Though Wicker, who has been the top Armed Services Republican since 2023, might have the inside track with a Trump administration on spending, he’ll also be one of the most prominent GOP advocates of continuing to arm Ukraine. As chair, he’d likely need to navigate differences between defense hawks and Trump on whether to continue aid.

Budget battle plan: Wicker laid out his preferred roadmap for defense in the spring, urging the U.S. to make “a short-term generational investment” to deter an increasingly cooperative Russia, China, North Korea and Iran, which he has termed an “Axis of Aggressors.”

The plan proposes a $55 billion hike over President Joe Biden’s most recent defense budget request, eventually ramping up to 5 percent of gross domestic product — which would bring annual military spending to more than $1 trillion. Within that, Wicker wants to expand shipyard and industrial capacity to more quickly achieve a 355-ship Navy and expand the Air Force by blocking the retirement of some aircraft and adding 340 fighters over five years.

Wicker won an initial round in June when a bipartisan coalition in the Armed Services Committee voted to increase the price tag of its annual defense policy bill by $25 billion.

That heightened spending may not come to fruition this year, as extra funding would break budget caps agreed to last year and could see opposition from fiscal hardliners in the House. But it showed bipartisan support for a larger military budget that Wicker could capitalize on as chair.

A Trump roadmap? Perhaps just as importantly, some experts argue Wicker’s detailed budget blueprint could provide the GOP administration with fodder for at least their initial defense budget request. While the full extent of Trump’s Pentagon plans isn’t yet clear, confirming top officials and other issues could constrain his first-year spending blueprint.

“They’re going to probably want to go to people whom they trust more and lean on them,” said Bradley Bowman, a former Senate Republican aide who is now a senior director with the Foundation for Defense of Democracies. “And that would be Sen. Wicker.”

Though hawks have muscled through defense increases in divided government, Wicker has criticized Biden’s spending plans as unserious. He likened raising the Pentagon budget under a Democratic White House “pulling teeth” and suggested a GOP president would be more committed to the cause.

“We’re going to have to increase our national defense to keep us out of a war,” Wicker said in a recent interview with conservative radio host Hugh Hewitt. “The idea is to keep the peace by being so strong nobody will take a chance on us.”

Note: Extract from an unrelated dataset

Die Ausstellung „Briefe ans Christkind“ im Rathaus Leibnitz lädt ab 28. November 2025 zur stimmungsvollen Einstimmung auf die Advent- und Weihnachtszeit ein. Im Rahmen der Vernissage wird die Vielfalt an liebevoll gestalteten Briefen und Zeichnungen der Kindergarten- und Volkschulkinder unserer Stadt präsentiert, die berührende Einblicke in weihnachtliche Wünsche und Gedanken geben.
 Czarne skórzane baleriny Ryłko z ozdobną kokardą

Ukraine campaigner: Wicker — a vocal GOP advocate for Ukraine aid alongside Senate Minority Leader Mitch McConnell — urged Biden to use his final days to step up support for Kyiv. He wants faster weapons transfers and looser restrictions on strikes inside Russia, arguing the administration’s limits have left Kyiv “hamstrung.”

While it would be easy for Wicker to confront another Democratic administration for not giving Ukraine what it needs, it’s an open question how he would approach Trump, who has opposed more U.S. spending and has instead said he aims to broker an end to the conflict before he even takes office.

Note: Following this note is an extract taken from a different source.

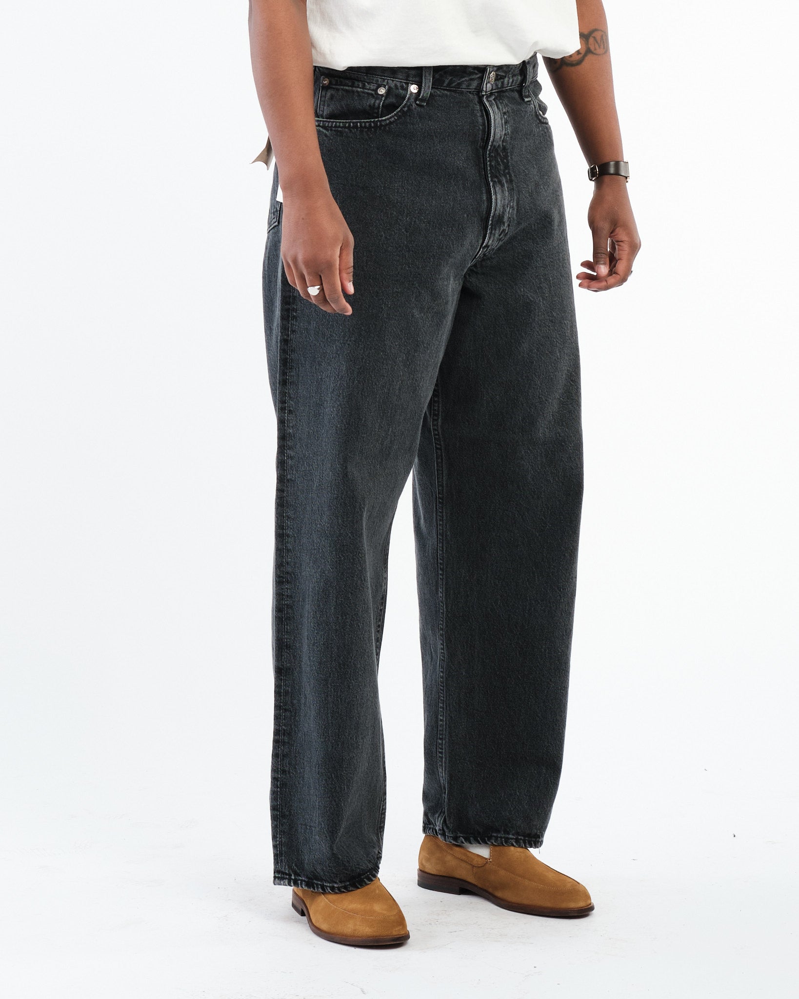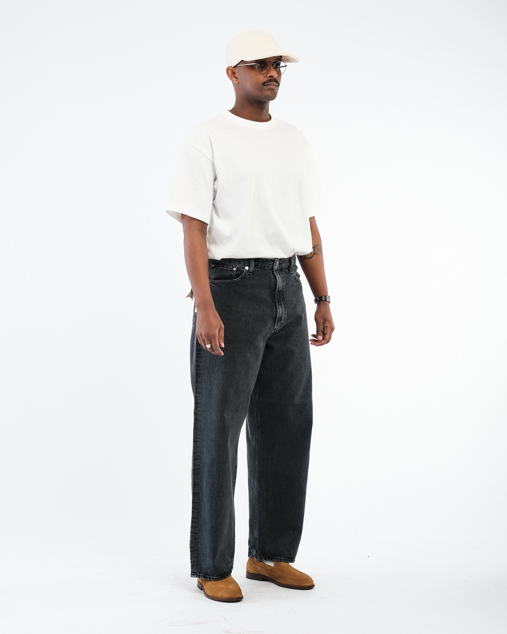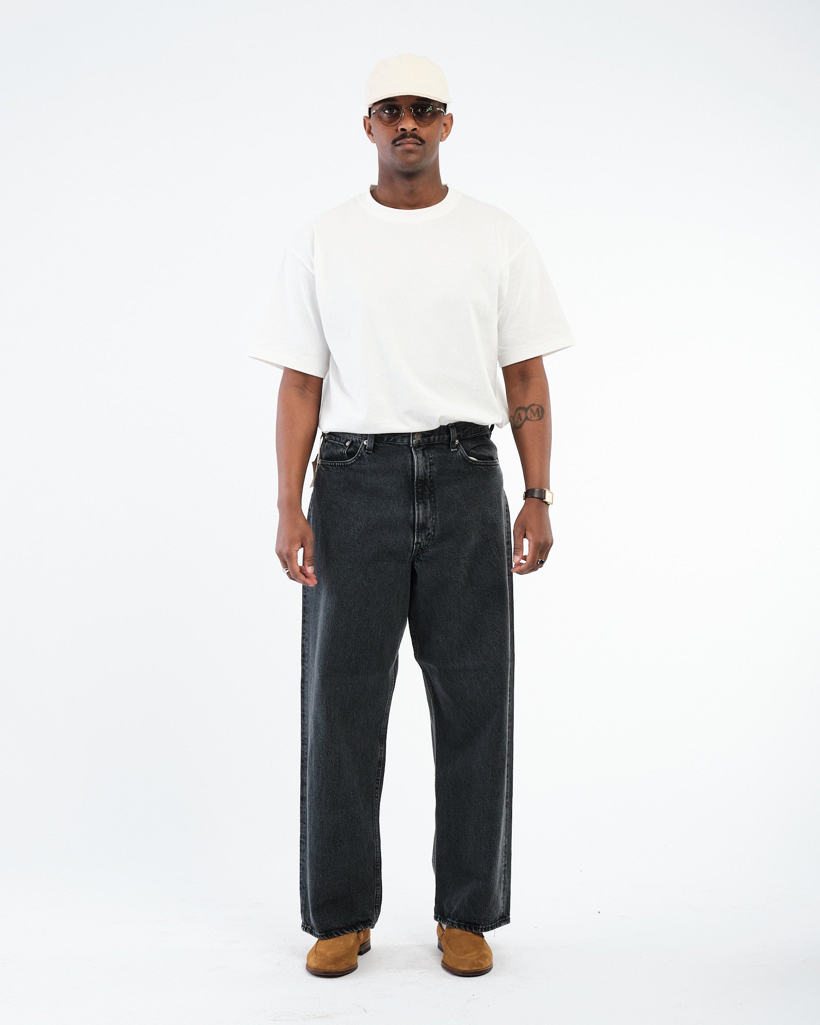 Designet med en højtaljet og en generøs pasform gennem sædet og lårene, overgår de til en bredbenet silhuet, hvilket sikrer både komfort og stil. Det forvaskede stof leverer en blød, indkørt fornemmelse fra første brug, minimerer krympning og forbedrer holdbarheden.

Observers say Wicker is likely to keep those differences behind closed doors.

Bowman argued that Wicker’s “unimpeachable conservative credentials” could help him make an argument on the value of NATO and arming Ukraine. Mackenzie Eaglen, a senior fellow at the American Enterprise Institute, noted that while there’s still considerable Republican support for arming Ukraine, a potential Trump administration must be convinced to ask for more aid. That could occur, she argued, if the White House is convinced it hastens an end to the war with Russia.

“If their team can be convinced that a last and final surge of military assistance for Ukraine — that is almost entirely spent here in the United States — strengthens Ukraine’s position in a negotiated settlement to end the war, then it is possible,” Eaglen said. “I suspect this will be attempted in private as long as possible to see what comes over in a [fiscal 2026] White House budget request and whether it includes a supplemental.”